Arthur scorned to speak to so vile a man or to fight him with his sword. He simply let the drunkard, stretching out from his horse to strike, fall head-heavy, over from the castle causeway to the swamp below.
Then all the Round Table Knights roared and shouted, leaped down on the fallen man, trampled out his face in the mire, sank his head so that it could not be seen, and, still shouting, sprang through the open doors among the people within. They hurled their swords right and left on men and women, hurled over the tables and the wines and slew and slew until all the rafters rang with yells and all the pavements streamed with blood. Then they set the tower all afire and half the night through it flushed the long low meadows and marshlands and lazily plunging sea with its flames. That was how Arthur made the ways of the island safe from one shore to the other.
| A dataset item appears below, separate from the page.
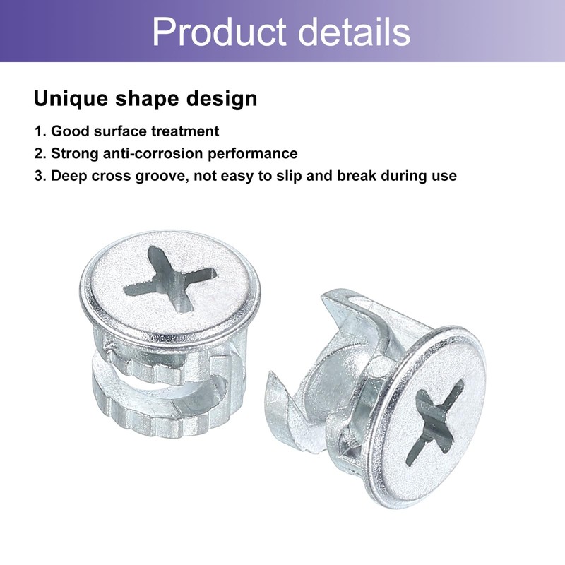 - Features: Furniture locking nut has deep cross slotted, not easy to slip and break during use, usually matched with a pre-inserted nut and positioning dowel screw (not included in the package) during the connection process
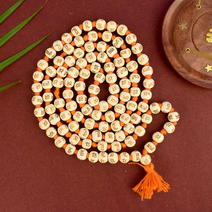 Use it during Bhakti Yoga, Japa sessions, or spiritual gatherings to deepen your connection with the divine. The white wooden beads symbolize purity and calm, making this mala an excellent choice for inner peace and devotion. Can also be worn as a spiritual accessory or kept on your altar.

Sir Tristram, not many nights after, reached Tintagil, where Isolt, the White, lived in a crown of towers, where she now sat with the low sea-sunset glorying her hair and glossy throat, thinking of him and of Mark, her Cornish lord.
When Tristram's footsteps came grinding up the tower steps she flushed, started out to meet him and threw her white arms about him.
"Not Mark, not Mark!" she cried. "At first your footsteps fluttered me, for Mark steals into his own castle like a cat."
"No, it's I," said Sir Tristram, "and don't think about your Mark any more, for he isn't yours any longer."
"But listen," she cried, "to-day he went away for a three days' hunt, he said, and that means that he may be back in an hour for that's his way. My God, my hate for him is as strong as my love for you. Let me tell you how I sat here one evening thinking of you, one black midsummer night, all alone, dreaming of you, and sometimes speaking your name aloud, when suddenly there Mark stood behind me, for that's his way to steal behind one in the dark.
"'Tristram has married her!' he hissed out and then this tower shook with such a roar that I swooned away."
"Come," cried Sir Tristram, laughing, "never mind, I'm hungry, give me some meat and wine."
So they ate and drank, talked and laughed about Mark with his long crane-like legs, and Sir Tristram took a harp and sang a song. Then while the last light of the day glimmered away he swung the ruby necklace before Isolt.